I was lucky enough to have a fortunate Christmas this year and received well chosen gifts from several family members and family friends. When the time came after Christmas for me to send nicely decorated cards to the kind people who had spent their time and money on me, I ventures out to my local post office where I endeavoured to purchase a book of second-class stamps. I probably shouldn’t admit that thanking kind gift givers became a second-class matter to me, as it most certainly not, but it was economical enough to buy second class stamps and it to be a second-class ordeal for my good fellows of the Royal Mail.

I was horrified, however, when I discovered that twelve stamps for a second-class ordeal cost £8 and who knows how much more if I was posting something first-class! Considering I only had eight cards to post and the stamps would most likely be taken and used by either of my parents later on in the year that averages to £1 per card, and they weighed practically nothing and were about A6 in size. It made me consider just sending text messages, but that felt too impersonal. What feels very personal, however, is paying the same price as a newspaper to send a piece of paper in a van across the country along with hundreds of others.

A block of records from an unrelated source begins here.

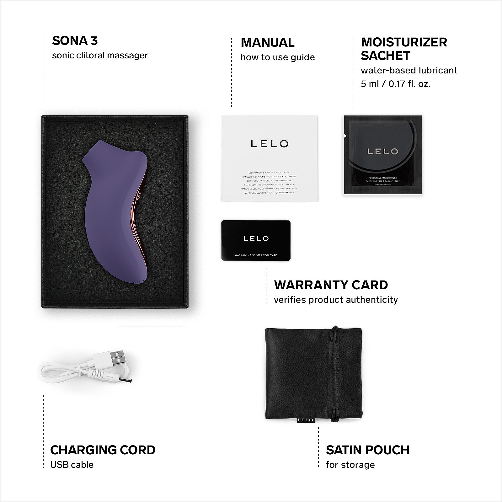 Sonický stimulátor klitorisu s technologií SenSonic a SmoothRise, až 12 režimy (2 v aplikaci), ultra jemným silikonem, tichým chodem a baterií až na 2 hodiny. Ovládání 3 tlačítky a přes aplikaci LELO. Další informace
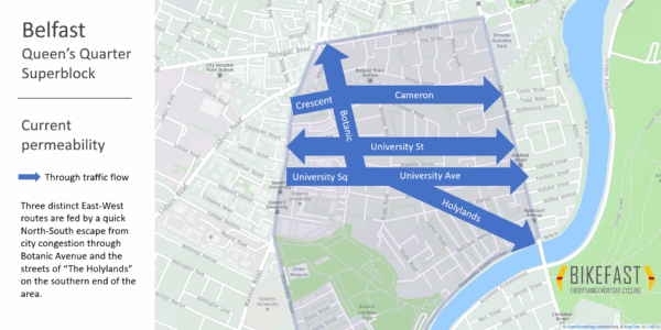 The easy permeability is one of the main issues. Three distinct East-West routes are fed by a quick North-South escape from city congestion through Botanic Avenue and the streets of “The Holylands” on the southern end of the area.
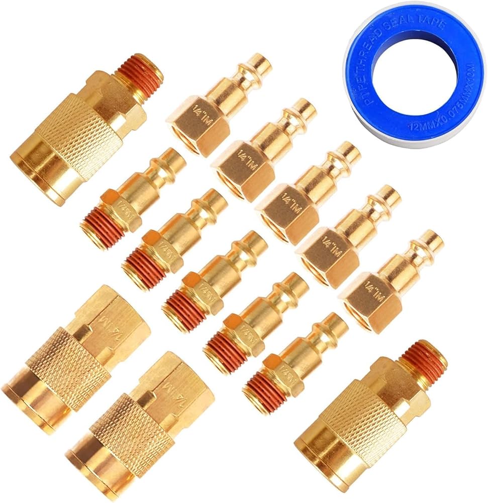 Fitting 15 pcs set Iron and copper plated material 2 pcs 1/4 inch female connector 2 pcs 1/4 inch male connector 5 male plug female threads 5 male plug male threads with sealant 1 raw meal belt.

Another horror of postage pricing was just before Christmas when I went to send my friend in America a book for Christmas. Enclosed in the package I presented at the post office was a book, a letter and a post card, that is all. I ended up leaving the post office £9.10 poorer. Considering the book cost £5, I spent more on postage than the actual gift!

My only grievance is that, as the personal practice of writing letters is slowly becoming extinct, the Royal Mail should be encouraging the populous to send letters rather than discourage them with awfully high prices.